鍼灸医学の懐

異法方宜論篇 第十二

黄帝問曰.醫之治病也.一病而治各不同.皆愈何也.
岐伯對曰.地勢使然也.
黄帝問うて曰く。醫の病を治するや、一病にして治各おの同じからずして、皆な愈ゆるは何ぞや。
岐伯對して曰く、地勢の然らしむるなり。

故東方之域.天地之所始生也.魚鹽之地.海濱傍水.其民食魚而嗜鹹.皆安其處.美其食.
魚者 使人熱中.鹹者勝血.故其民皆黒色疏理.其病皆爲癰瘍.其治宜砭石.故砭石者.亦從東方來.

故に東方の域、天地の始めて生ずる所なり。魚鹽(えん)の地、海濱にして水に傍(かたわら)う。其の民魚を食して鹹(かん)を嗜む。皆其の處に安んじ、其の食を美(うまし)とす。
魚なる者は、人をして中を熱せしめ、鹹なる者は血に勝つ。故に其の民皆色黒にして疏理なり。其の病皆癰瘍を為す。其の治は砭石に宜し。故に砭石なる者は、亦た東方より來たる。

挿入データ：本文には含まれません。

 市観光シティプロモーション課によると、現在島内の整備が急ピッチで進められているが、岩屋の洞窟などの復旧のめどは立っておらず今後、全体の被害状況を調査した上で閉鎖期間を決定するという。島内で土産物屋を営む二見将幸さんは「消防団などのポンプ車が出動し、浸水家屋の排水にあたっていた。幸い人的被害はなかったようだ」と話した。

西方者.金玉之域.沙石之處.天地之所收引也.其民陵居而多風.水土剛強.其民不衣而褐薦. 其民華食而脂肥.故邪不能傷其形體.其病生於内.其治宜毒藥.故毒藥者.亦從西方來.

西方なる者は、金玉の域、沙石の處、天地の收引する所なり。其の民陵に居して風多く、水土は剛強たり。其の民衣せずして褐薦(かっせん)す。其の民華食して脂肥ゆ。故に邪其の形體を傷ること能わず、其の病内に生ず。其の治は毒藥に宜し。故に毒藥なる者は、亦た西方より來たる。

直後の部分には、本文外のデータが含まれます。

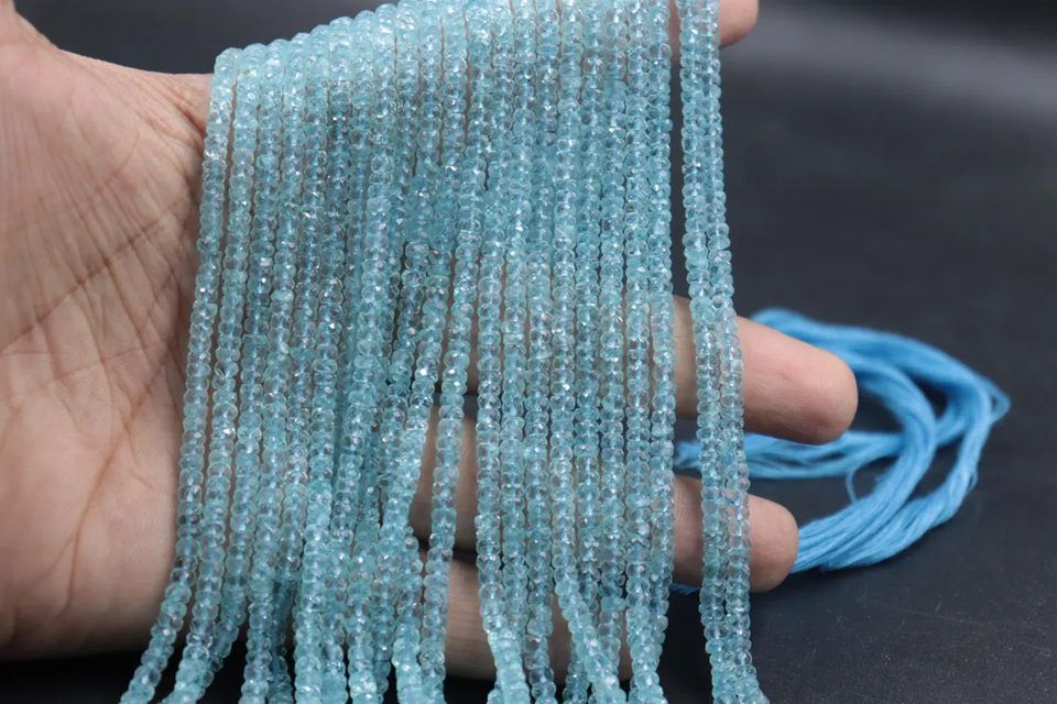Natural Aquamarine Faceted Rondelle Shape Beads 3-5mm for Jewelry Making

北方者.天地所閉藏之域也.其地高陵居.風寒冰冽.其民樂野處而乳食.藏寒生滿病.其治宜灸 炳.故灸炳者.亦從北方來.

北方なる者は、天地閉藏する所の域なり。其の地は高く陵に居し、風寒く冰冽(ひょうれつ)たり。其の民野處するを樂しみて乳食す。藏寒して滿病を生ず。其の治は灸炳(きゅうへい)に宜し。故に灸炳なる者は、亦た北方より來たる。

南方者.天地所長養.陽之所盛處也.其地下.水土弱.霧露之所聚也.其民嗜酸而食.故其民 皆緻理而赤色.其病攣痺.其治宜微鍼.故九鍼者.亦從南方來.

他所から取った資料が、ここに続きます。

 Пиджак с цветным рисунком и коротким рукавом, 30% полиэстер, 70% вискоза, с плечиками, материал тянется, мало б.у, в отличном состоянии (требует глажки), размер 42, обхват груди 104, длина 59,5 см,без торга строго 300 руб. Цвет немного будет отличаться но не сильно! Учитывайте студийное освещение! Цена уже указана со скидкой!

南方なる者は、天地の長養する所、陽の盛處する所なり。其の地は下(ひく)く、水土弱し。霧露の聚る所なり。其の民酸を嗜なみ胕(ふ)を食す。故に其の民皆緻理にして赤色。其の病攣痺(れんぴ)す。其の治は微鍼に宜し。故に九鍼なる者は、亦た南方より來たる。

中央者.其地平以濕.天地所以生萬物也衆.其民食雜而不勞.故其病多痿厥寒熱.其治宜導引按 蹻.故導引按蹻者.亦從中央出也.
中央なる者は、其の地平にして以て濕す。天地の萬物を生じること衆(おお)き所以なり。其の民雜を食し勞せず。故に其の病痿厥寒熱多し。其の治は導引按蹻に宜し。故に導引按蹻なる者は、亦た中央より出でたり。

故聖人雜合以治.各得其所宜.故治所以異.而病皆愈者.得病之情.知治之大體也.
故に聖人雜合し以て治し、各おの其の宜しき所を得る。故に治異なりて病皆愈ゆる所以の者は、病の情を得て、治の大體を知ればなり。

 従いまして、聖人とまで呼ばれる医師は、多種多様な治療法を以て患者に臨み、その患者の容態を診て最も有効な手立てを用いるのであります。
 ですから、同じ病であっても治療法は異なるにも関わらず、すべて治癒するのであります。これは病の病因病理や正邪の趨勢などを把握し、自然の法則に適った治療法に通じているからであります。